# Mouse noises/squeeks and expression.



## Hali (Mar 2, 2011)

I came in on my two male mice and one was chasing the other around his cage, the one that was being chased was making an extremely high squeaking noise that sounded almost distressed. I went to separate them and when I grabbed him he made the distressed noise again.

my question is am I right about the noise being distress? or could I just be misinterpreting it? my mice normally only make little chirping/clicking noises.

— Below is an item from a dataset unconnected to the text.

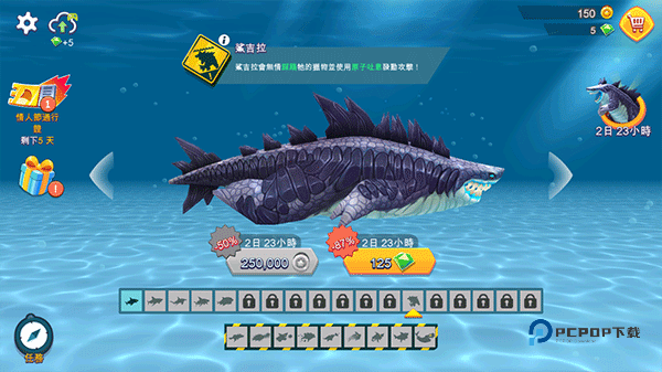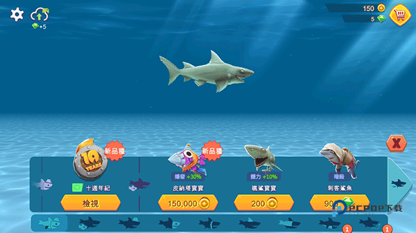 1、可以收集各有7种不同大小的20类鲨鱼品种,扮演敏捷的双髻鲨,甚至到著名的大白鲨!
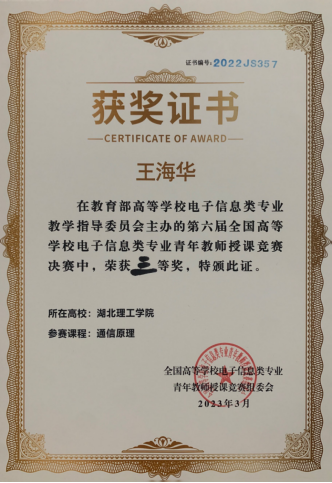 2023年3月24日—26日,第六届全国高等学校电子信息类专业青年教师授课竞赛决赛暨专业建设研讨会在重庆邮电大学举行。电气学院王海华和叶天凤两位老师参加了此次会议。王海华老师讲授的《通信原理》课程,在预赛中获得华南赛区二等奖,在本次决赛中荣获全国三等奖;这是继2022年严伟老师获得电工电子实验教学竞赛全国三等奖之后,电气学院青年教师获得的又一个国家级教学竞赛奖。

if it is distress is the mouse being bullied? should I separate them?


----------



## geordiesmice (Oct 26, 2010)

They are defintely two Bucks and not a Doe and Buck because He chases her and she can squeek when there mating  .If there fighting blood being drawn yes seperate them Bucks are territorial one minute they can be fine next and all hell breaks loose.I have had two Brothers squabble but it stopped there still together but if you seperate them never put them back together or it will start in earnest again.I would imagine the squeeling is because its getting chased and maybe bitten check it for marks.


----------



## racingmouse (Jan 12, 2011)

geordie is right. How old are they? males can fall out like this at any time and constant chasing and `tail nipping` are signs that one male is bullying the other. This can escalate into serious bite wounds and stress a mouse so much it can kill him. If you hav`nt already seperated them and this is still going on, do it now. Don`t hesitate. Set up another cage or tank/RUB/BIN for the other male and let them settle down. Single males do need more interaction from you, so make sure they get more play-times. They will need a wheel each too.

How are they now?


----------



## Hali (Mar 2, 2011)

I separated them, I just went to petsmart and got a 10 dollar reptile cage for the other mouse and he seems to be much happier on his own. he also seems less timid when I play with him so I think the other mouse has been bullying him for quite a while now.


----------



## racingmouse (Jan 12, 2011)

It`s for the best really because males can inflict real injury on one another. Single males do become more social with their owners, so do make sure both get individual play-times and cuddles!


----------